Originally posted by: hellokeith
Originally posted by: eskimospy
Why is it that incredibly informative posts like this get ignored?
Because they aren't informative?
More from "the denier" Michael Asher:
In at least one instance (the Late Ordovician Ice Age), CO2 levels were up to 15X higher than they are today -- some 4500 ppm. And yet the planet was locked in one of the worst ice ages it's ever seen.
..
The majority of such ice is indeed in the Antarctic and Greenland ice sheets. Unlocking all the water in those sheets would have a catastrophic effect on world sea levels.
However, sea-level is rising only 2-3mm/year (~25cm/century), the same rate its been rising for thousands of years, ever since we exited the last Ice Age. Southern Hemisphere ice appears to be growing at present, and Greenland ice shrinking very slowly.
...
It all depends on scale. From 1998, the trend is downward...but from 1900 onward, there's still a very slight upward trend. But if one looks back further still (say from 500 AD onward), the trend is cooling again. The earth is cooler now than it was then.
Look back a few more thousand years to the last Ice Age, and the earth is on a warming trend. Look all the way back to the Devonian, and we're cooling again.
So which of these is the "right" period to examine? Depends on what you're trying to prove of course.
...
I've always maintained that global warming is occurring, just that the anthropogenic (human-induced) portion is significantly smaller than claimed, and that the data doesn't indicate any reason to be alarmed (i.e. that the anticipated degree of warming is likely to be only a moderate annoyance in most regions, and even a minor benefit to some).
Man's contribution to climate change is a pittance compared to natural processes. If you want to concentrate on worthy causes, then help reduce pollution for the purpose of improving air quality and groundwater quality.

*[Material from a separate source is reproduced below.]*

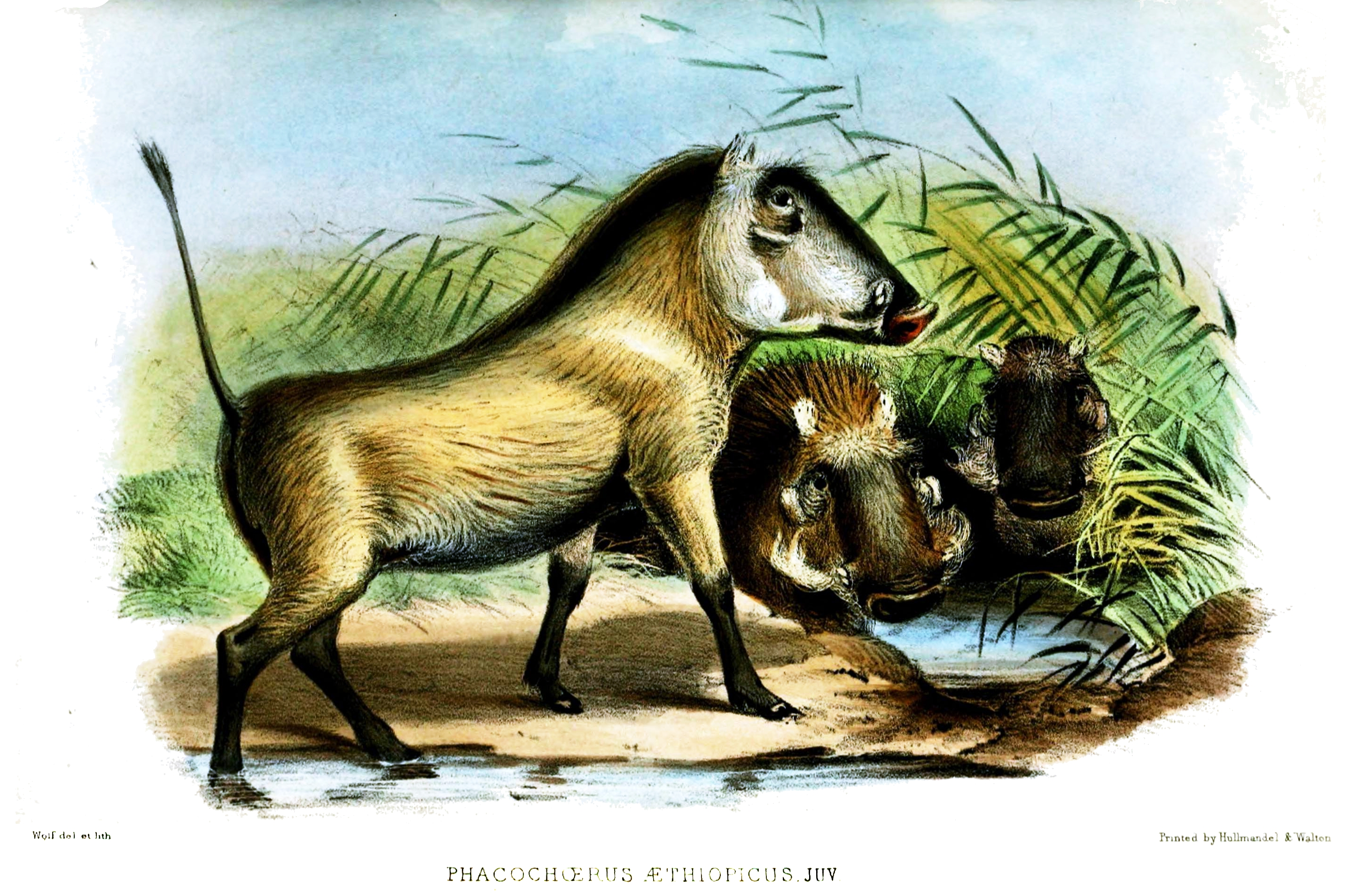 Southern Warthog(?), juveniles

Originally posted by: Atreus21
Something to keep in mind is that it doesn't matter whether it's global warming or global cooling, because either one of them will be put to the following political use:
1. The world's temperature is changing.
2. It's America's fault.
Originally posted by: Atreus21
Something to keep in mind is that it doesn't matter whether it's global warming or global cooling, because either one of them will be put to the following political use:
1. The world's temperature is changing.
2. It's America's fault.
Originally posted by: eskimospy
Originally posted by: abj13
Tsk, tsk. Did anybody check out the data sets the original poster was using? Its quite hilarious when you realize how manipulative the blogger is doing with this data. For example, the GISS data shows a drop of ".75" degrees Celsius. But is that the truth?

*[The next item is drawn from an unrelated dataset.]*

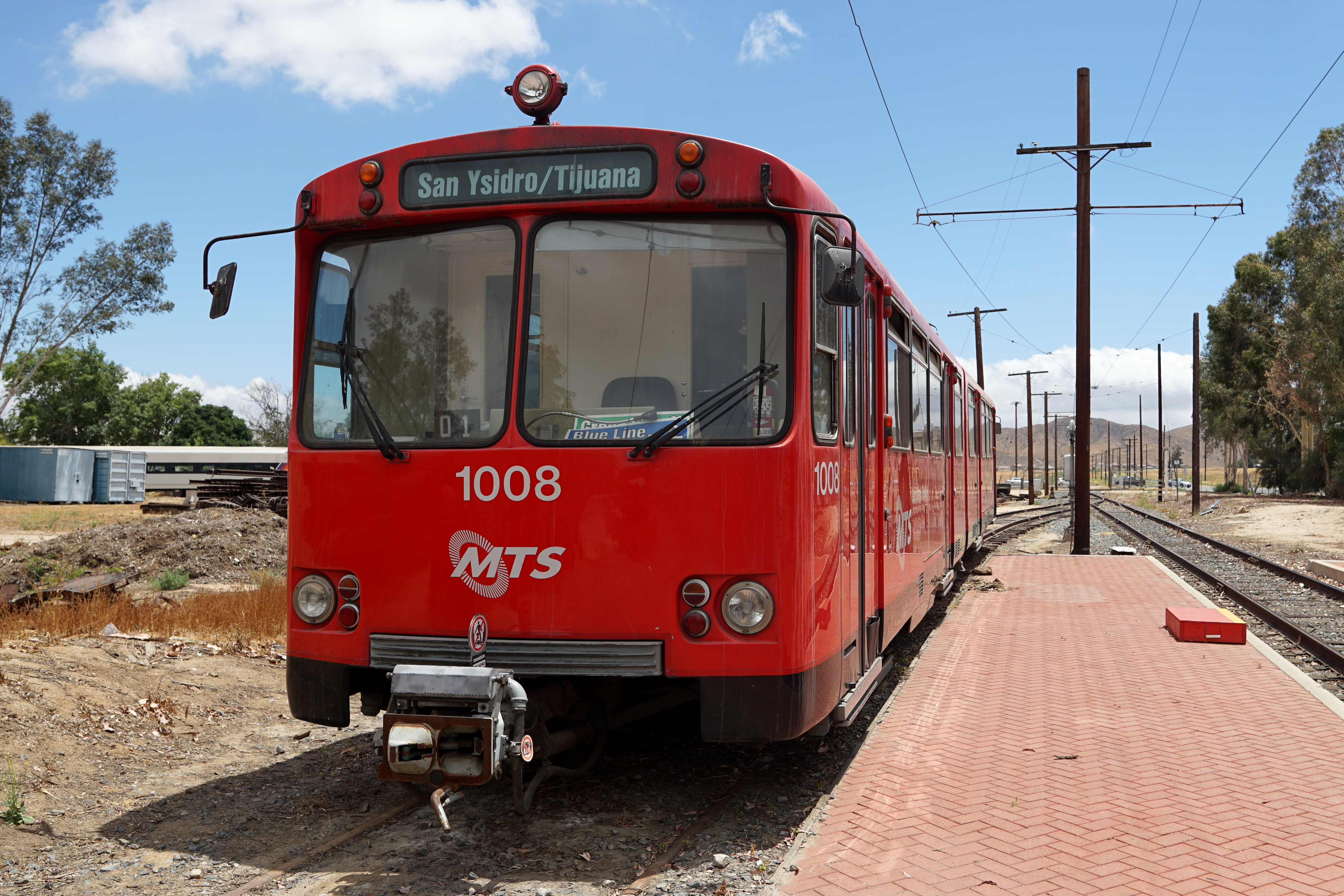 Siemens-DUEWAG U2 light rail in the Orange Empire Railway Museum in Perris, CA

On the data set for the GISS, the 2007 value is 87, while the 2008 value is .12... subtract those and you get .75. But apparently this moron blogger doesn't even understand what the data represents, the value is temperature CHANGE. A value of 12 versus a value of 87 both mean the temperature INCREASED in January of 2007 and 2008, just that the increase wasn't as large in 2008. So when he says the temperature "drops" he is completely incorrect, the temperature INCREASED, just at a slower rate than the previous year. As already pointed out by others, one doesn't make a trend based off of a single year, or a single data point.

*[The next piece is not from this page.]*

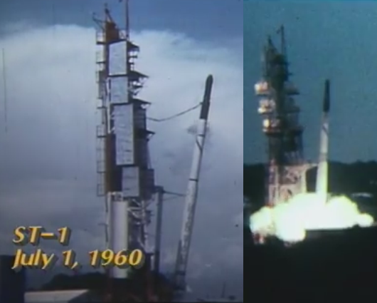 Scout ST-1 rocket. Waiting on the launch pad (left), and just after launch (right), July 1, 1960.

In addition, its temperature changes in January... we all know that January is not representative of the entire year, rather, obviously, the entire year is representative. Essentially his argument is that "January 2008 is different than January 2007," whoopie. :roll: How about we wait for the entire year of 2008 to play out, instead of comparing a month here and a month there.
And if the blogger like the GISS so much, why doesn't he post their most recent press release?
"Climatologists at the NASA Goddard Institute for Space Studies (GISS) in New York City have found that 2007 tied with 1998 for Earth's second warmest year in a century."
http://www.giss.nasa.gov/research/news/20080116/
Ooops.
Why is it that incredibly informative posts like this get ignored?